Definition 62.1 (Prior distribution) Suppose we have a statistical model with parameter \(\theta\). If we treat \(\theta\) as random, then the distribution that one assigns to \(\theta\) before observing the other random variables of interest is called its prior distribution, denoted as \(p(\theta)\).

Definition 62.2 (Posterior distribution) Consider a statistical inference problem with parameter \(\theta\) and the vector observables \(\boldsymbol{x}=(x_1,...,x_n)\).
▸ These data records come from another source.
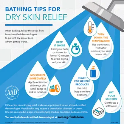 - Stop baths and showers from worsening dry skin. When the humidity drops or your skin feels dry, be sure to:
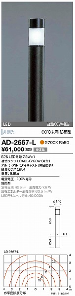 | メーカー / 型番 | 山田照明 AD-2667-L ガーデンライト |
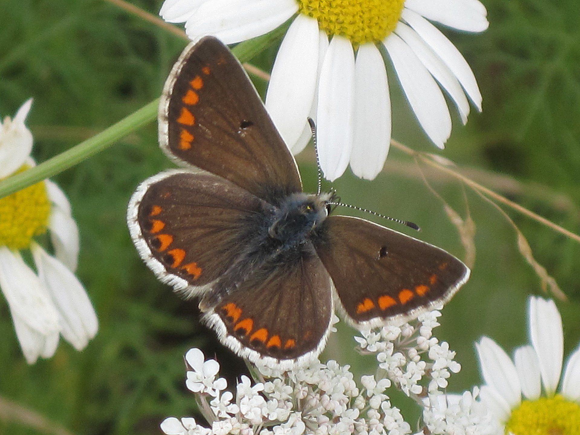 على عكس معظم الفراشات الزرقاء الأخرى، فإن هذه الفراشة لا تحتوي على قشور زرقاء على الجهة العلوية من أجنحتها، حيث يكون كلا الجنسين بشكل رئيسي بني اللون، كما يوحي اسمها الشائع. ومع ذلك، تظهر الفراشة بريقًا أزرق عندما تكون في زوايا معينة بالنسبة للضوء.كلا الجنسين لهما بقع برتقالية جميلة على الجهة العلوية من كلا جناحيها الأمامي والخلفي، مما يضيف إلى جمالها الفريد.
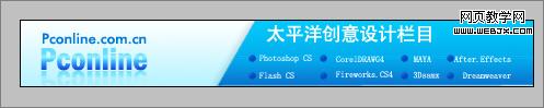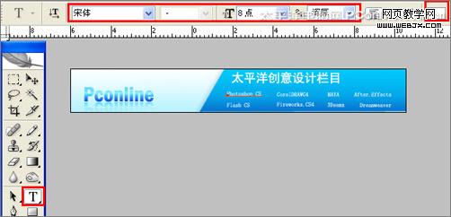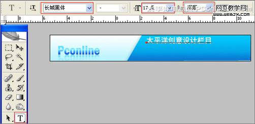 8、在工具箱中選擇橫排文字工具,在工作區中用鼠標單擊后,輸入“太平洋創意設計欄目”,在工具選項欄中設置字體為“長城黑體”,設置字體大小為17點,設置消除鋸齒為“渾厚”設置字體顏色為白色,如圖10所示。
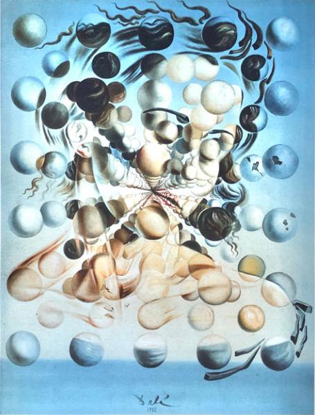 《球形加拉塔》作品创作背景是第一次核弹爆炸后。那时候达利对"物质是彼此不接触的原子"产生了兴趣和思考。在这幅绘画中,他用球形指代原子,用原子爆炸的方式,描绘了妻子加拉。虽然这些球形彼此不连续,最终却呈现了惊人的3D效果。
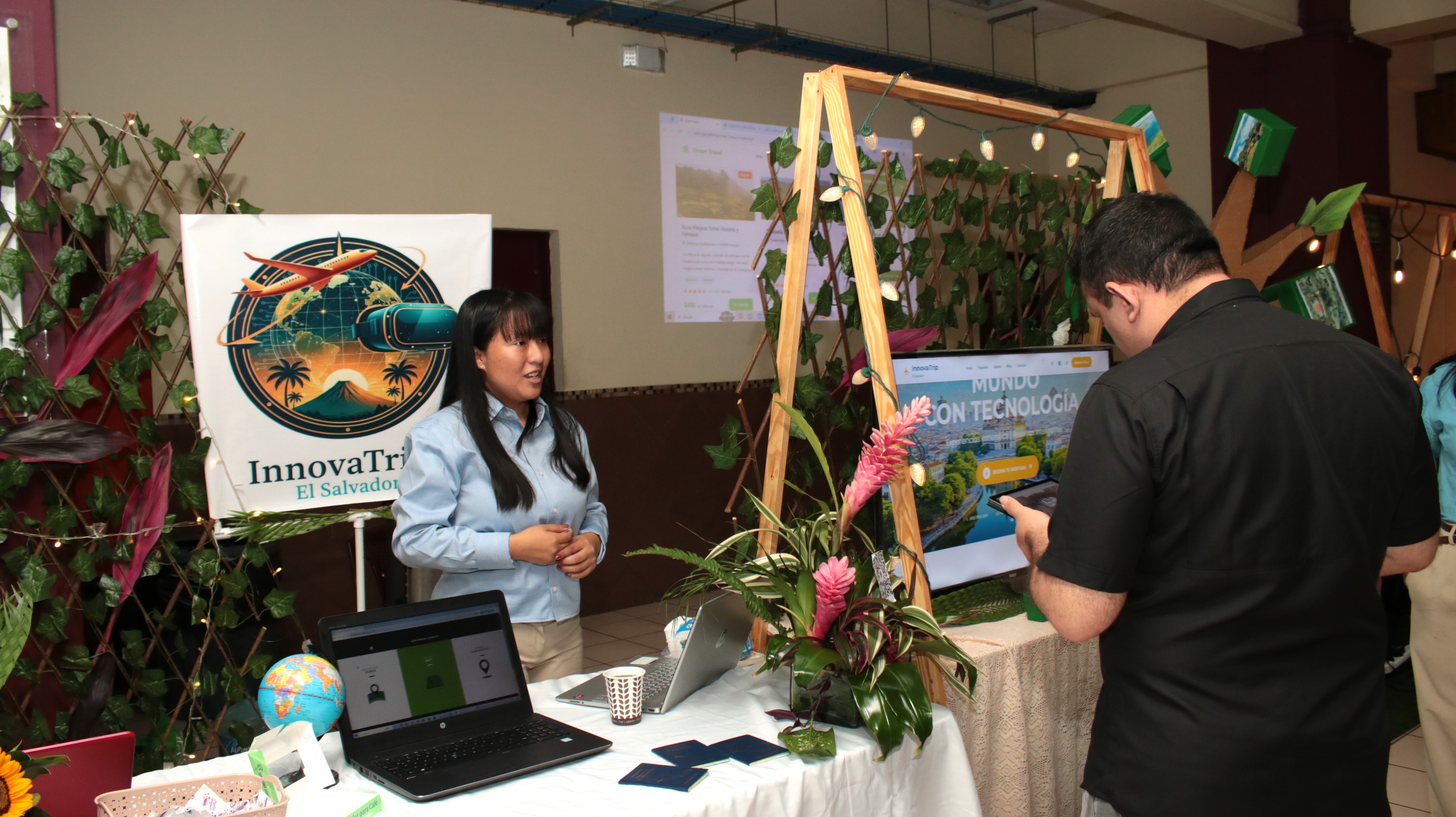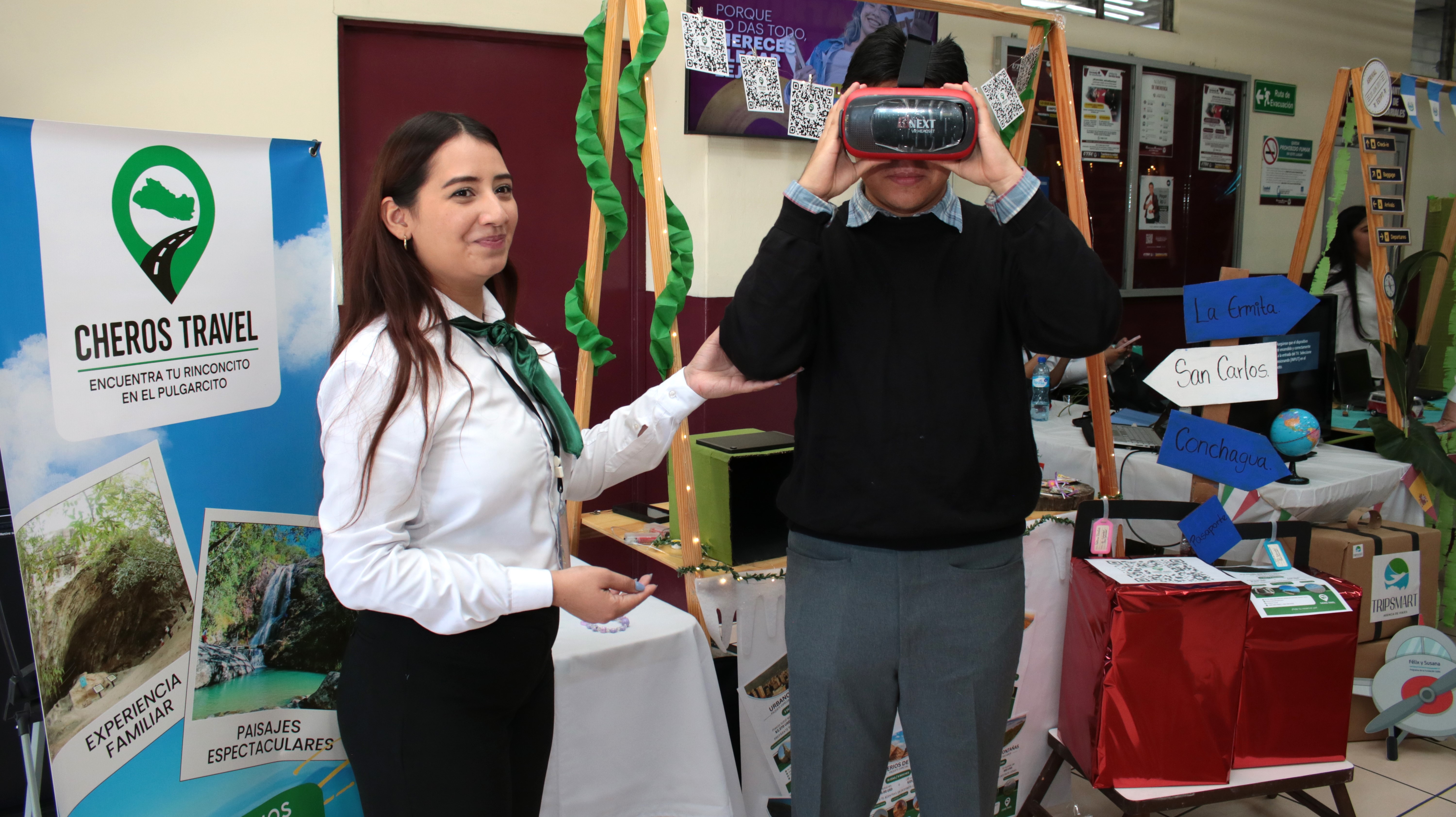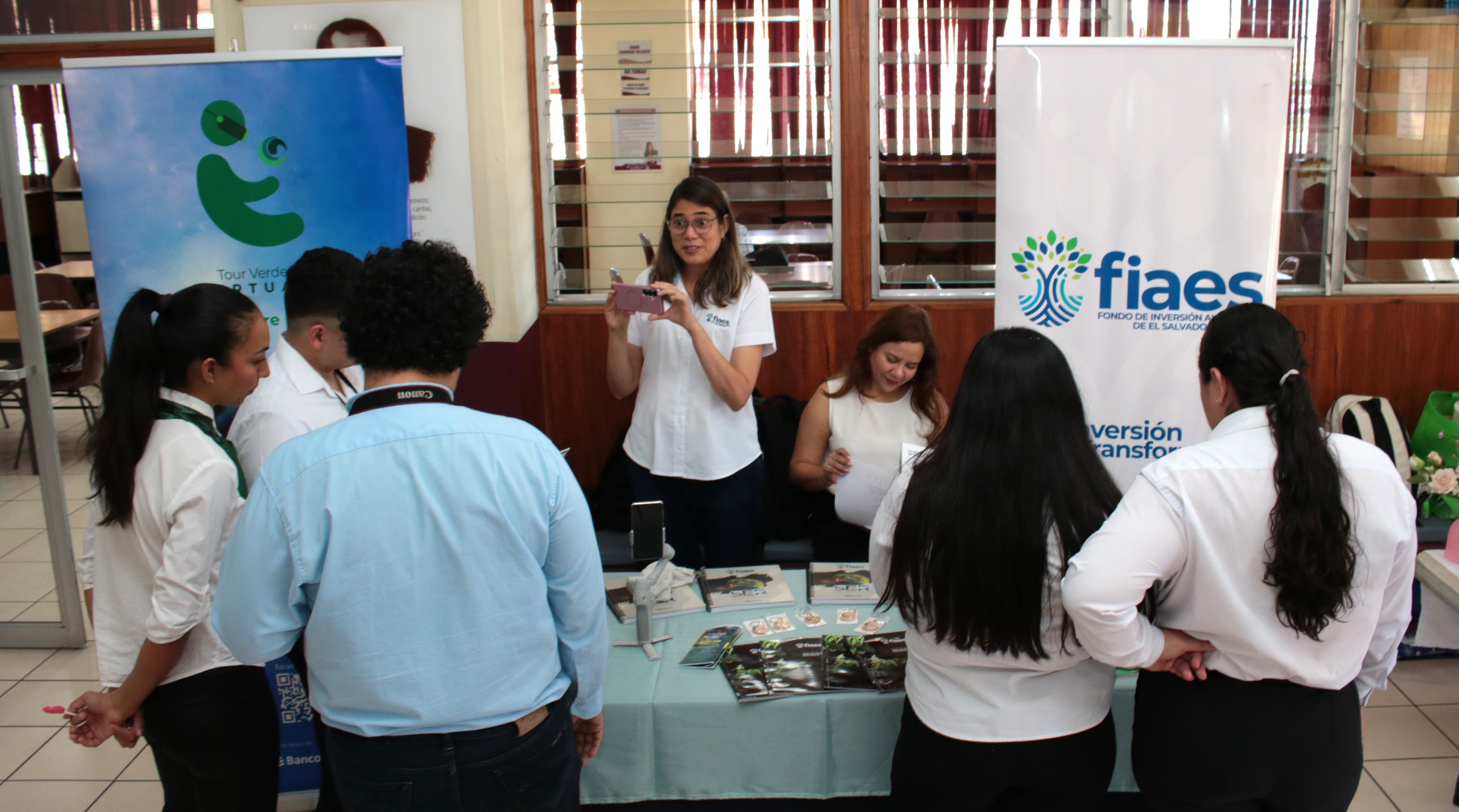La jornada contó con la participación de especialistas del Fondo de Inversión Ambiental de El Salvador, FIAES, y con la exposición de seis proyectos de agencias de viajes desarrollados por estudiantes, quienes presentaron destinos turísticos inteligentes mediante lentes de realidad virtual aumentada proporcionados por FIAES.
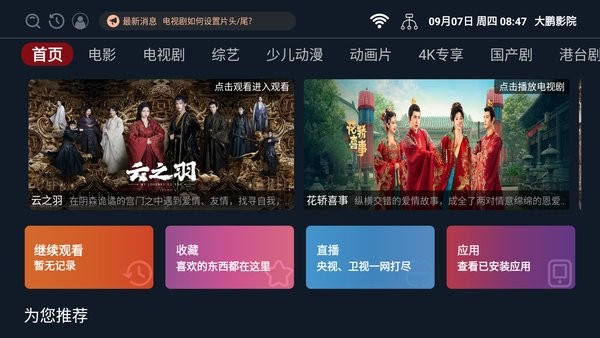 大鹏影院电视版是一个可以在电视上追剧的平台,资源超丰富,电影、电视剧、动画片啥的都有,更新也很及时,想看什么都能找到。最棒的是它支持多条播放来源,想怎么看就怎么看,还能快速搜索和收藏,特别方便。特别是有直播功能,央视和卫视节目也能看,简直太实用了。

The conditional distribution of \(\theta\) given \(\boldsymbol{x}\) is called the posterior distribution of \(\theta\), denoted as \(p(\theta|\boldsymbol{x})\).

Theorem 62.1 (Bayesian inference) Suppose random variables \(X_1, ..., X_n\) has joint probability (density) function \(f(x_1, ..., x_n | \theta)\). The parameter \(\theta\) has prior distribution \(p(\theta)\). Then the posterior distribution of \(\theta\) is \[p(\theta | \boldsymbol{x}) = \frac{f(\boldsymbol{x}|\theta)p(\theta)}{f(\boldsymbol{x})} \propto f(\boldsymbol{x}|\theta)p(\theta).\] \(f(\boldsymbol{x}|\theta)p(\theta)\) is also known as the likelihood function.

The essence of Bayesian inference is to update the distribution of the parameter with the information in the data. The posterior distribution is a function of \(\theta\), the denominator bahaves like a normalizing constant. So we don’t lost anything if we only focus on the likelihood function and the prior.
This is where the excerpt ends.